>>>>>

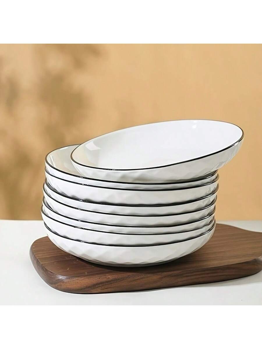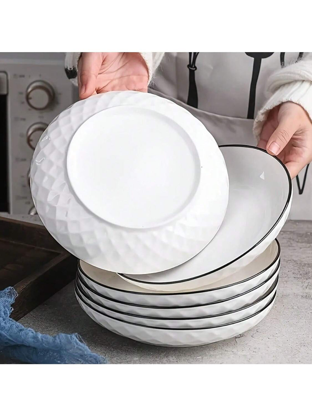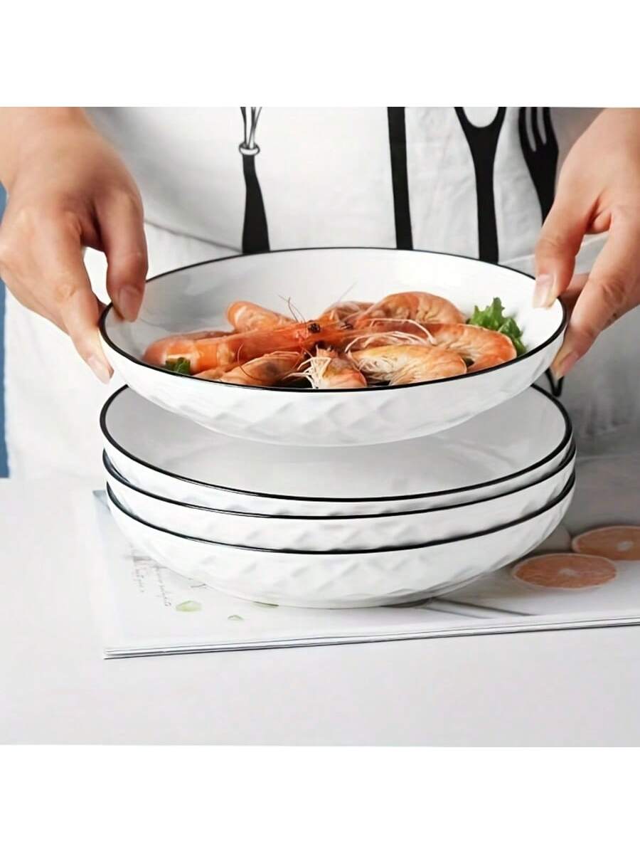 BELLAVOG 4pcs/Set Diamond Pattern Ceramic Salad Plates - 8" Dinner Plates, 7" Round Plates, Dishware For Pasta, Salad, Dessert, Sushi - Multipurpose Kitchen Dinnerware Set For Dining, Home Gatherings, Hot Pot, BBQ - , Year-Round Tableware
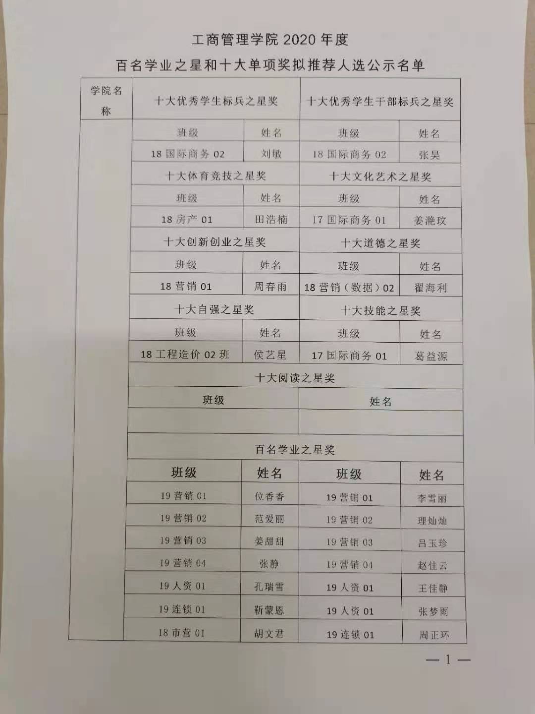 根据《bv1946伟德官网学生表彰奖励实施办法(试行)》有关规定和学生处《校学工[2020]32号-关于开展第四届校级学生专项奖和“百名学业之星”评选活动的通知》文件精神,伟德源自英国始于1946严格按照评选要求,通过个人申请、班级推荐、民主评议及学院学生工作领导小组研究决定,拟推荐2020年度第四届校级学生专项奖和“百名学业之星”名单,现进行公示:
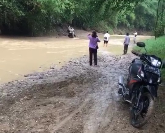 Warga yang terbiasa akan mudah melewati sungai ini dengan menggunakan sepeda motor.
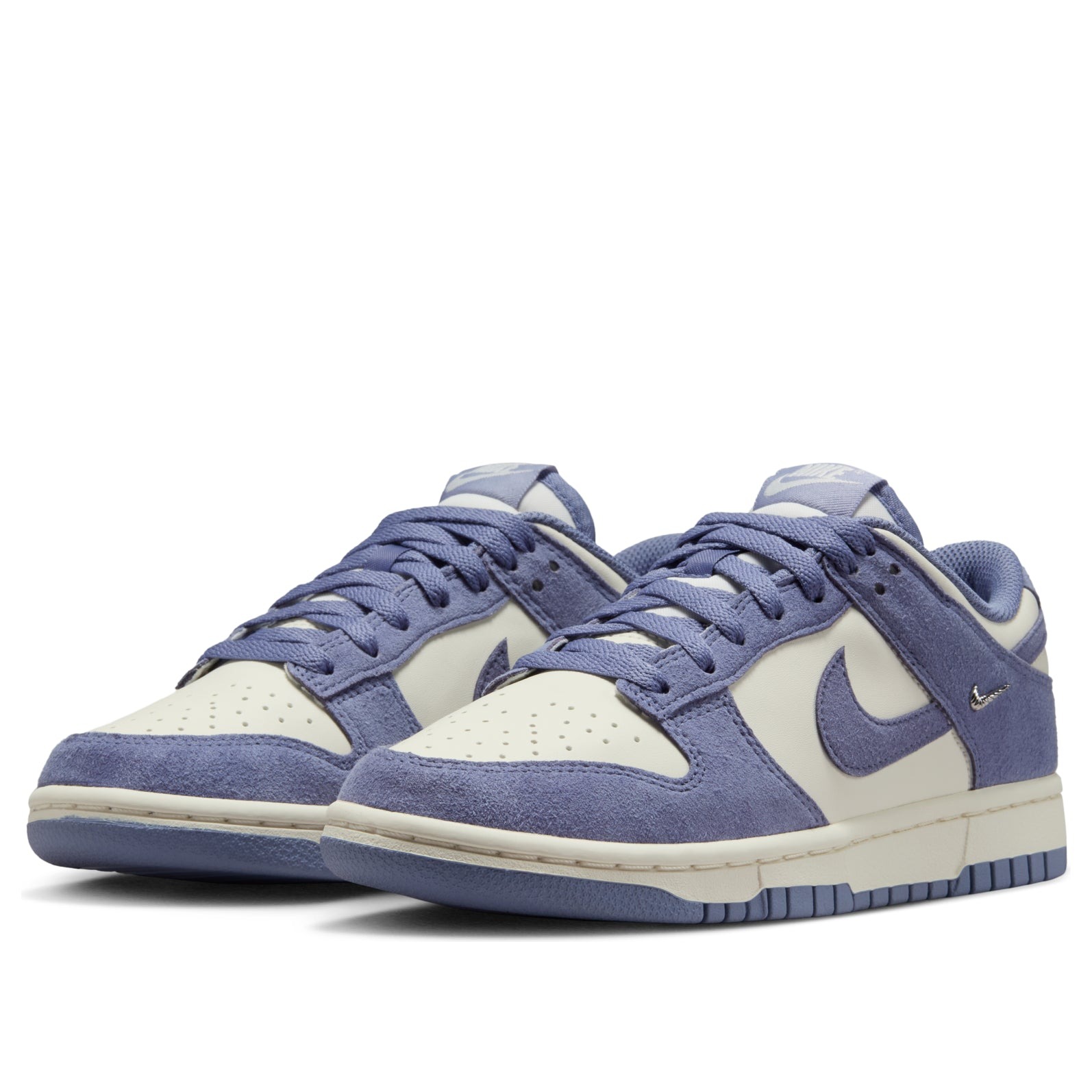 The Nike Dunk Low World Indigo Mini Swoosh (Womens) features a Sail/Metallic Silver/World Indigo colorway. This Nike Dunk Low was first released for $125 on October 01, 2025.

<<<<<

* [WORK REQUEST] Please set down the lines above word for word and leave out the pictures.

* [OUTPUT OF THE TASK]
 BELLAVOG 4pcs/Set Diamond Pattern Ceramic Salad Plates - 8" Dinner Plates, 7" Round Plates, Dishware For Pasta, Salad, Dessert, Sushi - Multipurpose Kitchen Dinnerware Set For Dining, Home Gatherings, Hot Pot, BBQ - , Year-Round Tableware
 根据《bv1946伟德官网学生表彰奖励实施办法(试行)》有关规定和学生处《校学工[2020]32号-关于开展第四届校级学生专项奖和“百名学业之星”评选活动的通知》文件精神,伟德源自英国始于1946严格按照评选要求,通过个人申请、班级推荐、民主评议及学院学生工作领导小组研究决定,拟推荐2020年度第四届校级学生专项奖和“百名学业之星”名单,现进行公示:
 Warga yang terbiasa akan mudah melewati sungai ini dengan menggunakan sepeda motor.
 The Nike Dunk Low World Indigo Mini Swoosh (Womens) features a Sail/Metallic Silver/World Indigo colorway. This Nike Dunk Low was first released for $125 on October 01, 2025.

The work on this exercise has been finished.